Russia shouldn’t be allowed to the olympics games says former russia doping agent

No Russian athletes should be allowed to take part in the postponed Tokyo Olympics next year, says former doping mastermind turned whistleblower Grigory Rodchenkov.

The architect of the country’s infamous state-sponsored doping scandal told BBC Sport the country had not changed despite being banned from all major sporting events for four years in December for manipulating laboratory data.

The World Anti-Doping Agency (Wada) has ruled that Russian athletes who prove they are clean will be able to compete in Japan under a neutral flag.

In his first broadcast interview since the decision, Rodchenkov, the former head of Moscow’s anti-doping laboratory, said: “It should be an absolute blanket ban without any excuses or admissions of athletes.

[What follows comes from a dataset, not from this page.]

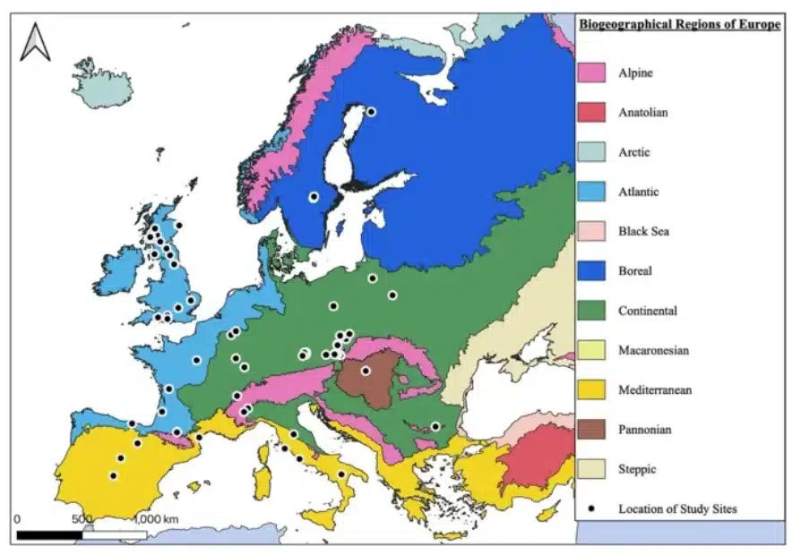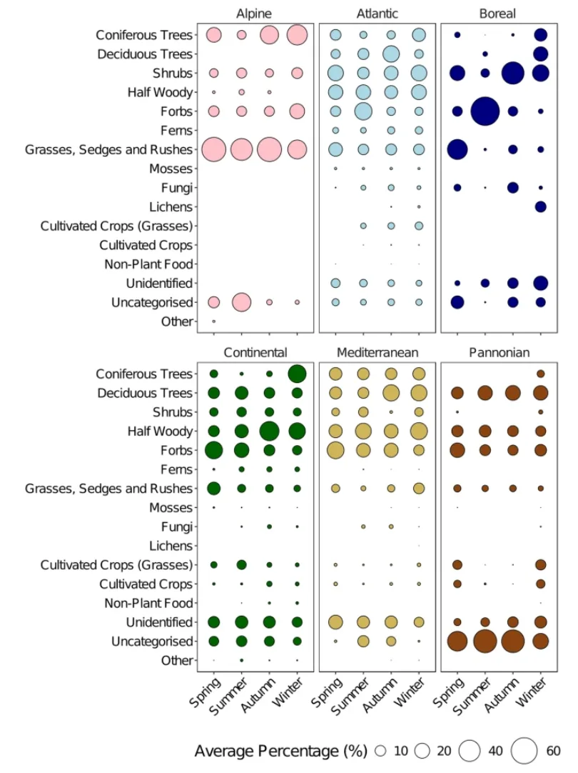 Los autores analizaron datos de dieta obtenidos mediante microhistología —identificación de fragmentos vegetales en heces o contenido ruminal— y aplicaron modelos estadísticos para comparar estaciones y regiones. Aunque la revisión abarca seis áreas biogeográficas, la parte más sólida del análisis se centra en tres (Atlántica, Continental y Mediterránea), las que tenían información suficiente.

“The same personnel who were smuggling and swapping samples during Sochi [the 2014 Winter Games], they were falsifying all documentation.

“It was a progression in falsifying, day by day, of this data – an incredible fraud of unspeakable proportion. It shows the country learns absolutely nothing.”

Russia’s Anti-Doping Agency (Rusada) was declared non-compliant for doctoring laboratory data handed over to investigators last year.

It had to provide the information to Wada as a condition of its controversial reinstatement in 2018 after a three-year suspension for a cheating conspiracy across the “vast majority” of Olympic sports.

Russia has repeatedly denied the allegations, and claimed the unprecedented four-year sanction is excessive, unfair and politically motivated.

Its appeal against a punishment that rules it out of both the Tokyo Games and the 2022 football World Cup will be heard by the Court of Arbitration for Sport (CAS) in November.

Speaking via Zoom from an undisclosed location in the US where he has been in hiding for the past five years, and shrouded in a scarf, sunglasses and hat to keep his changed identity secret, Rodchenkov believes he is now “unrecognisable”, having also changed his behaviour and gestures.